Writing history with a chisel: Sculptor Pete Felton’s work adorns his hometown of Hays

By Joe Norris | January 31, 2026

HAYS — For as long as teenage boys’ bedrooms have had windows, young gentlemen have been sneaking out at night to meet up with a girl. Hays isn’t the only Kansas town where that’s happened. But it may be the only town in America where multiple generations have all attempted to hook up with the very same young lady. 

Sons, fathers and grandfathers of Hays have all tried to catch a glimpse of the same elusive young woman for more than a century. Some say they’ve seen her walking the hills at night, wearing a blue dress and carrying a lantern. They call her The Blue Light Lady. But her real name is Elizabeth Polly, and she’s a ghost.

Back in 1867, Elizabeth was a hospital matron, caring for the soldiers at Fort Hays during the cholera epidemic. She was completely devoted to her patients during the day. But at night, she’d go for long walks outside the fort to rest her mind and recharge for another stressful day. Elizabeth was able to nurse several desperately ill soldiers back to health. But then she contracted cholera herself, and died when she was just 24. According to the legend, she still walks the hills outside of Hays with her blue lantern, searching for soldiers to comfort. 

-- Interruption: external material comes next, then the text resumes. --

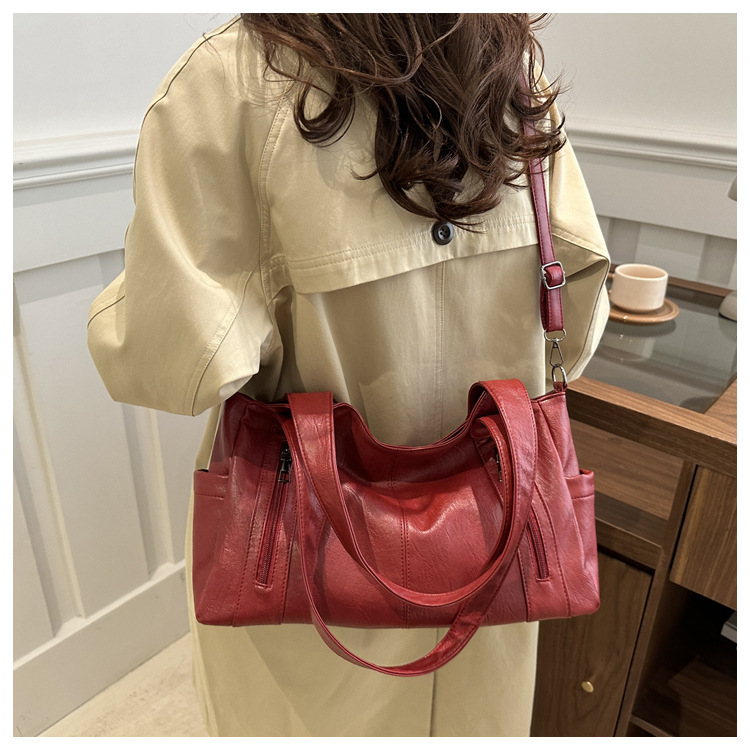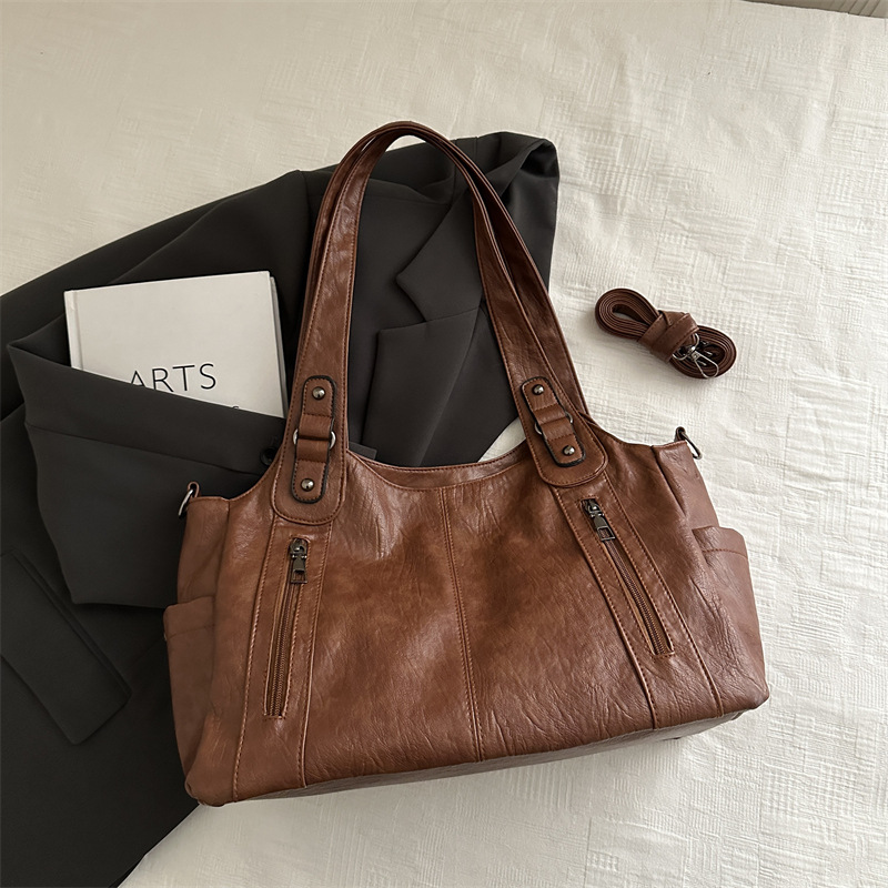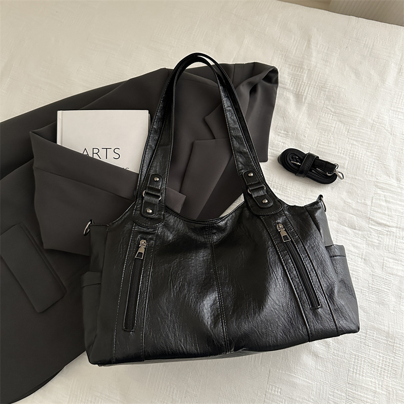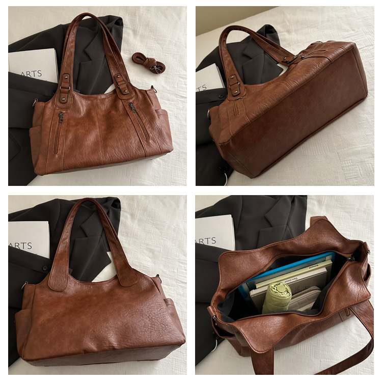 대용량 레트로 토트 백 여성 2025 봄 새로운 패션 통근 어깨 가방 단거리 여행 언더암 가방
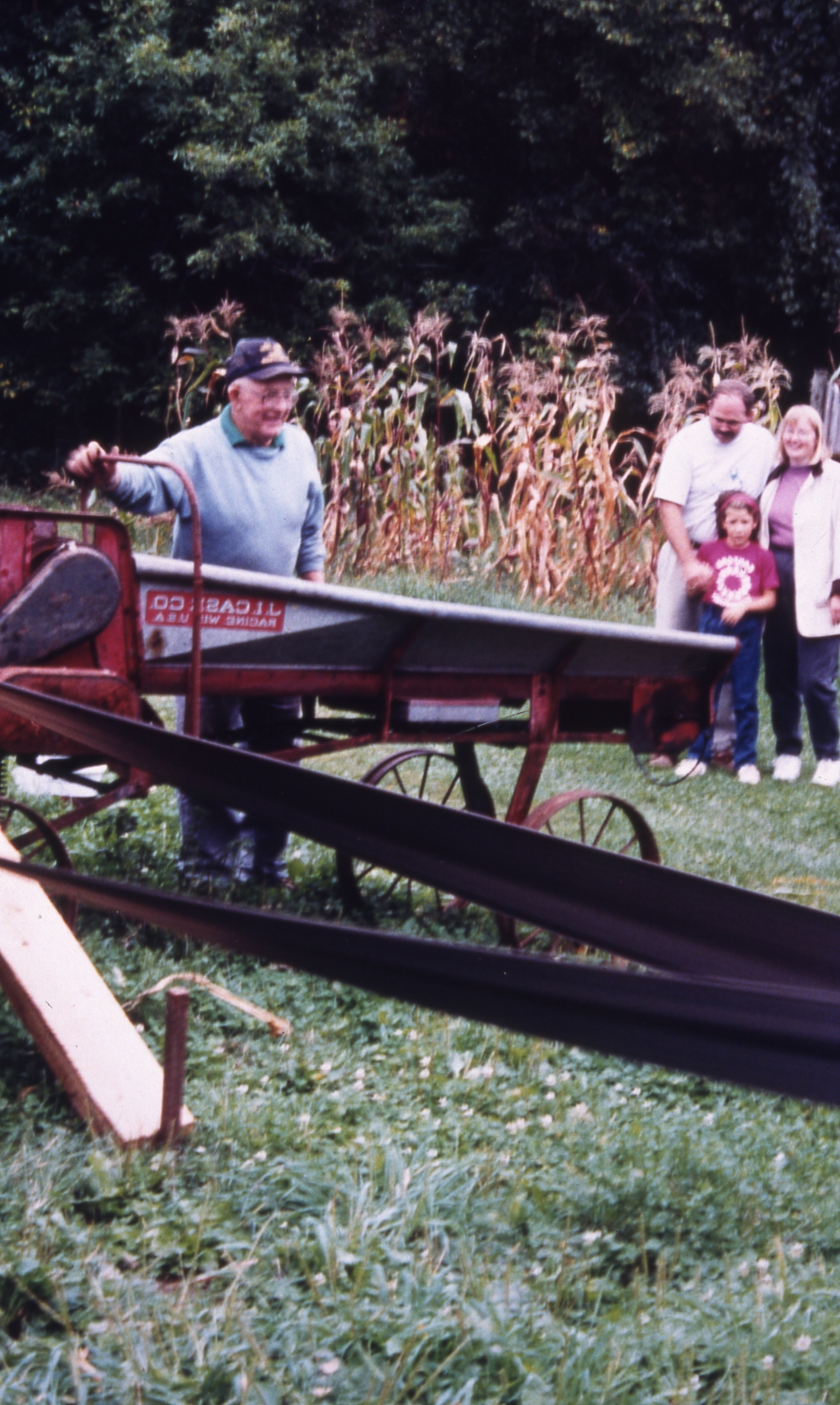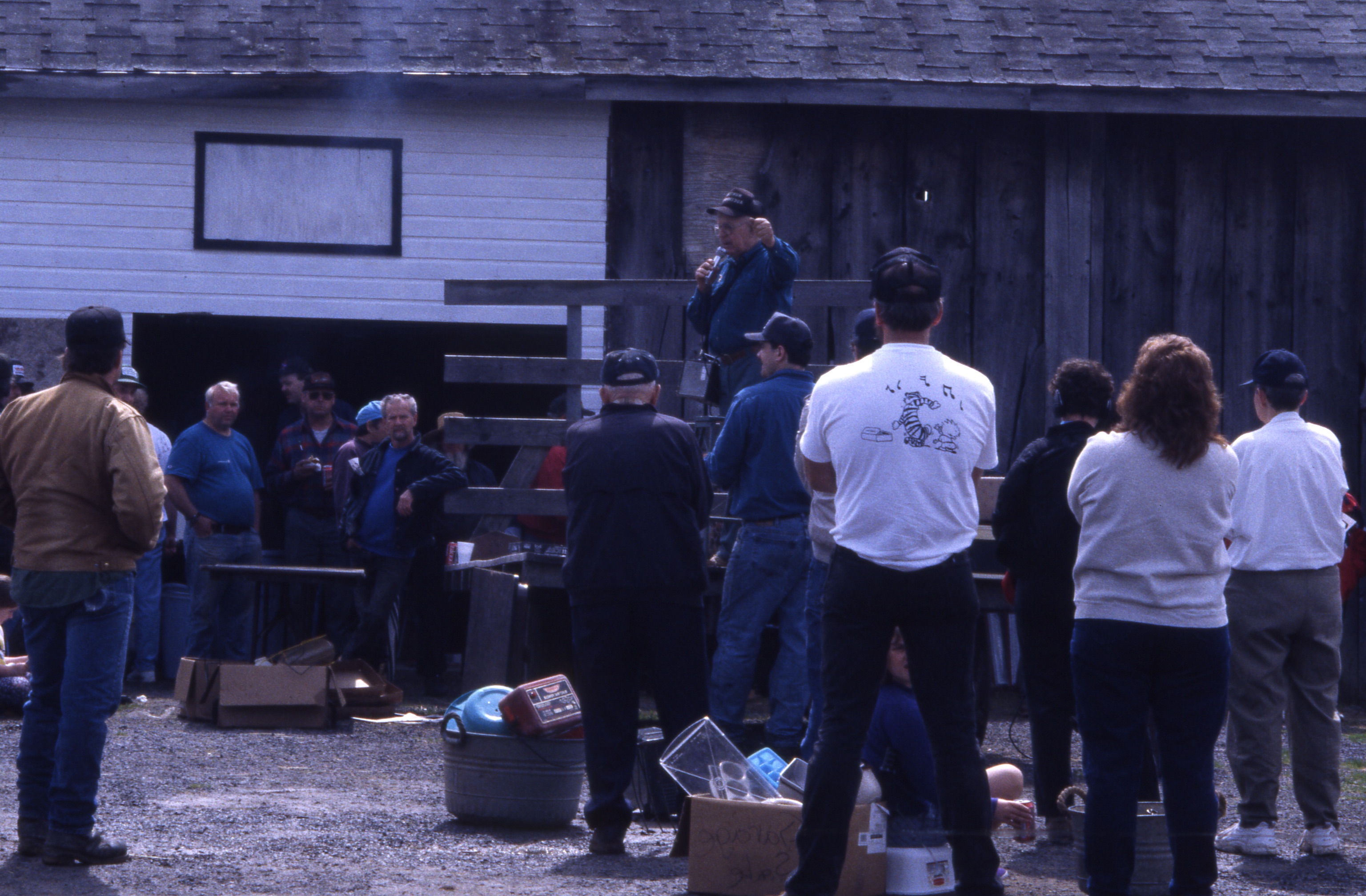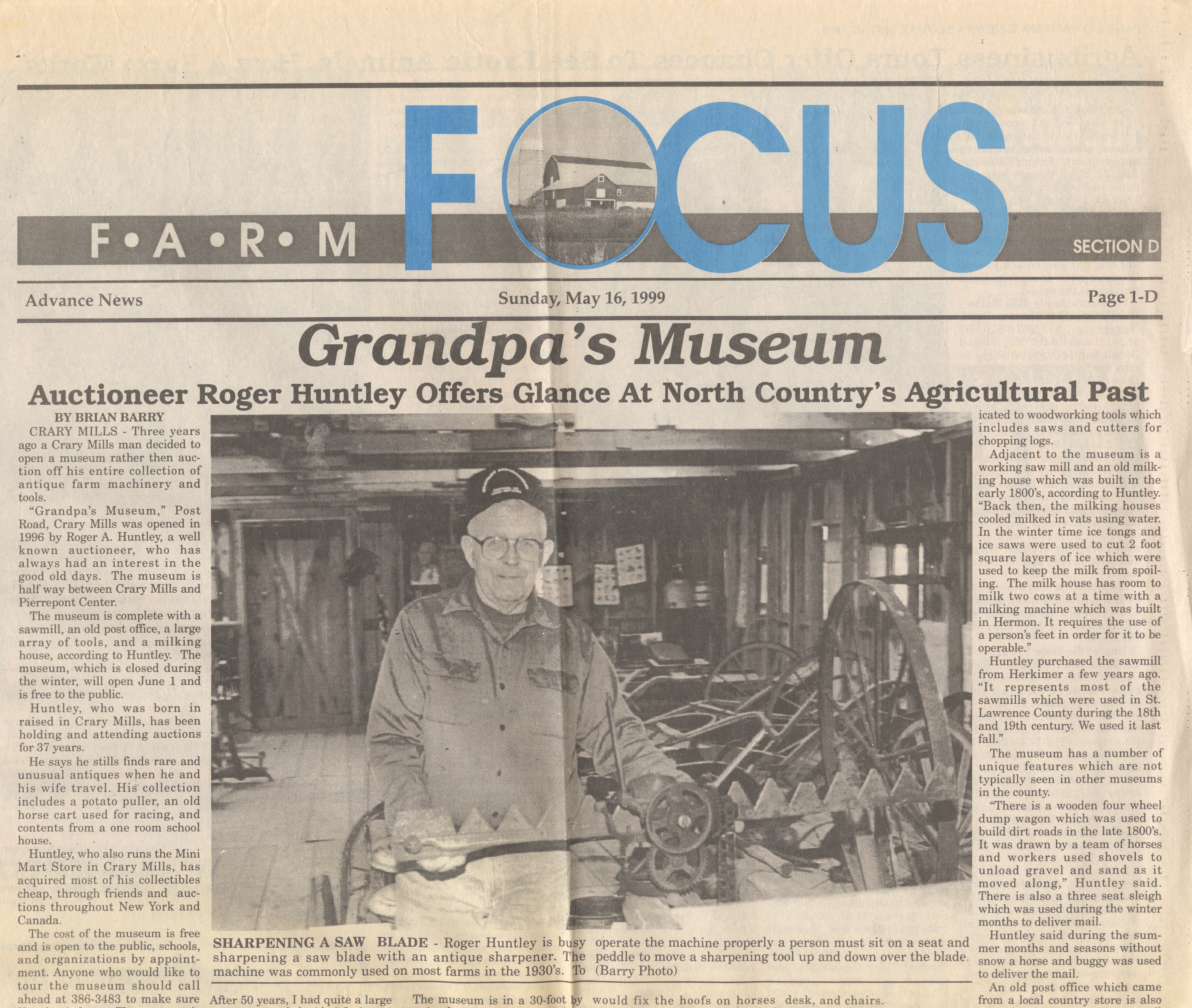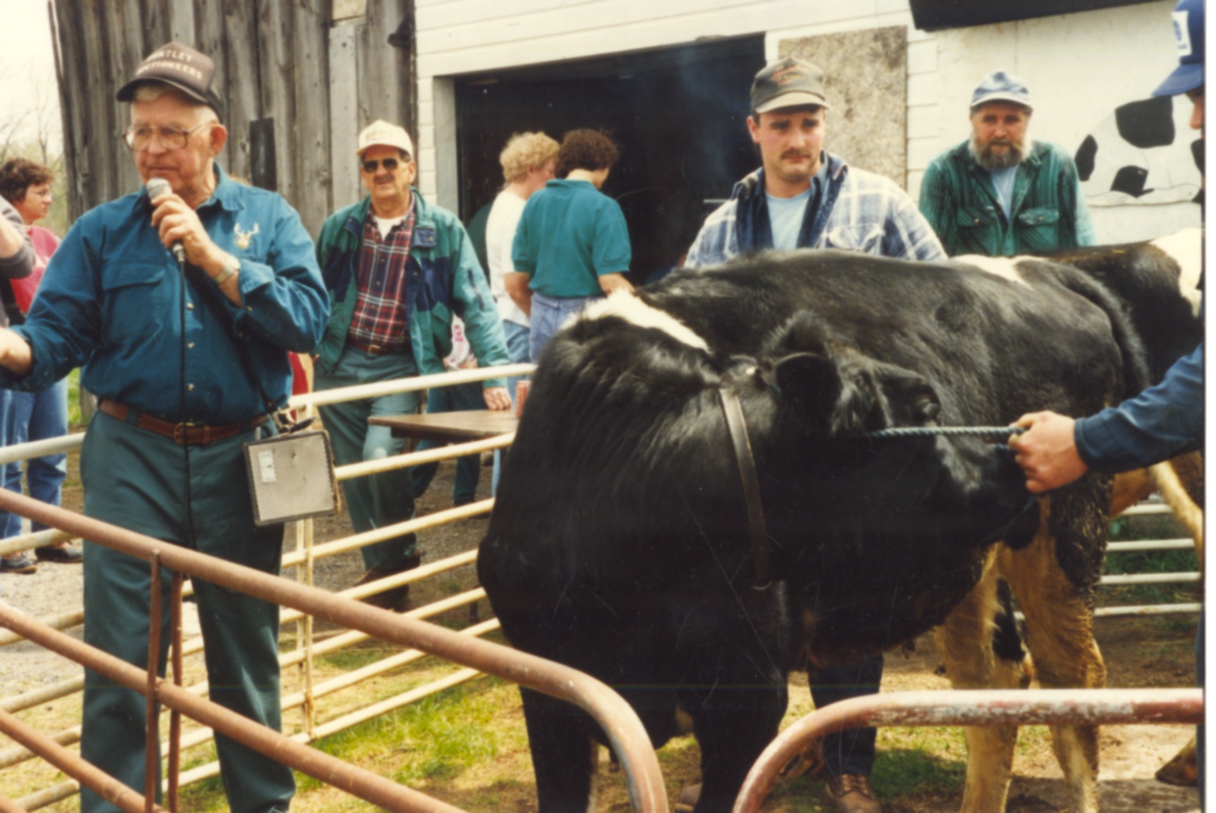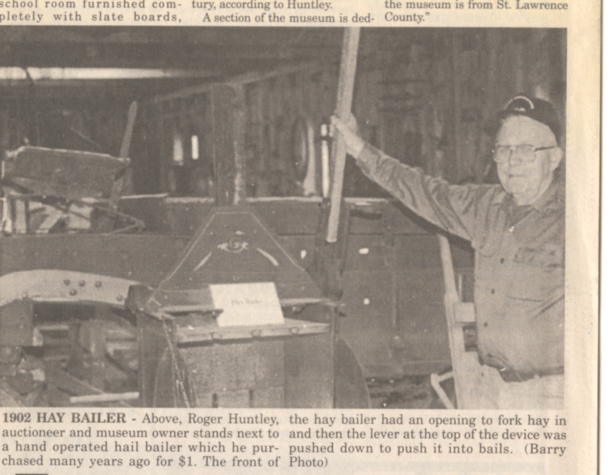 Since the day in the late 1950s when he was first asked to stand in for a popular cattle dealer to sell donated items for their local church benefit, Roger Huntley of Crary Mills was an auctioneer. The sixth generation of his family to operate their 300-acre dairy farm in the town of Pierrepont, Roger knew country things and country people. During the 50 years he was auctioneering, he witnessed the near-disappearance of small family farms throughout the region. He conducted the premiere old-time sales in the northern Adirondack foothills and St. Lawrence Valley. Through the years, his wife Ann and six children helped him considerably with planning and carrying out their busy schedule of sales. Their daughter Helen, an elementary school teacher, learned the art of auctioneering from Roger and helped him with nearly every auction.

Elizabeth Polly might have been completely forgotten by now, if not for the limestone sculpture of her that stands in, appropriately, Elizabeth Polly Park. It’s one of the smaller parks in Hays, out behind the Dairy Queen. And Elizabeth Polly is one of the lesser-known historical figures that Hays sculptor Pete Felten has immortalized in limestone.

Felten’s sculpture of former Hays city marshal and sheriff Wild Bill Hickok stands downtown in Union Pacific Park. His bust of Buffalo Bill Cody, who served as an army scout and buffalo hunter here, sits in front of the library on Main Street. And one of Pete’s favorites, The Lawman, keeps watch in front of City Hall, coat tucked behind his Colt revolver for quick access. “It’s across the street from my house, so I can see it from my kitchen window,” Pete says.

Pete Felten started teaching himself how to carve in 1957 when he was 24. He turned out to be an excellent teacher and a dedicated student. His sculptures of Amelia Earhart, Dwight Eisenhower, Arthur Capper and William Allen White stand in the rotunda of the Kansas Statehouse. Other Felten sculptures can be seen in Atwood, Oberlin, Victoria and elsewhere. But Hays is Pete’s hometown, and it’s also home to the majority of his distinctive stone art.

His largest creation is the massive Monarch of the Plains that stands outside Hays, overlooking Highway 183. It started as a 24-ton slab of limestone. Pete began chiseling away at it in 1965. Two years later, an 18-ton Kansas bison emerged from the enormous rock. Pete completed the project in 1967, in time for the Hays Centennial. My wife and I were students at Fort Hays State at the time, and we often saw Pete hurtling through town in his battered old jeep.

He’s not mashing the accelerator down quite as hard now. But until just recently, Pete was still carving every day. He told us he first started thinking about working with limestone when he was a kid, spending summer days at the old swimming pool in Hays. “Some kids had carved their initials into the old limestone building,” he said. “I saw that it was easy for them to do because limestone is pretty soft. So I decided to try making some sculptures out of it.”

He had no trouble finding enough stone to practice on. Farmers had used limestone posts to build fences for a century in that part of Kansas. Many of the old fences had fallen into disrepair, so farmers were happy to let Pete wrestle the heavy posts out of the ground and haul them off. He practiced until he became proficient. Pete Felten had found his profession.

There are more than two dozen Felten sculptures in his hometown, but they aren’t the only reason why Hays makes a great day trip destination. The Sternberg Museum of Natural History houses some three million fascinating exhibits, including their popular fish-within-a-fish fossil and some animated dinosaurs. And at the old Fort Hays State Historic Site, you can step into the officers’ quarters where General Custer and his wife Elizabeth lived while he was stationed at the fort here. After you’ve immersed yourself in enough history, Hays also has a couple of award-winning microbreweries where you can cut the trail dust with a tall cold one.

But before leaving town, be sure to search out as many of the Pete Felten sculptures as you can. You’ll marvel at the way he’s skillfully recorded history with his chisel. And like me, you may wonder if he ever made a mistake.

“Did you ever work on a big sculpture for a year or two, have it almost finished, then give the chisel one last little tap and have an entire arm fall off?” I asked him.

Pete looked at me for a minute before answering. “No,” he said. “I try to avoid that.”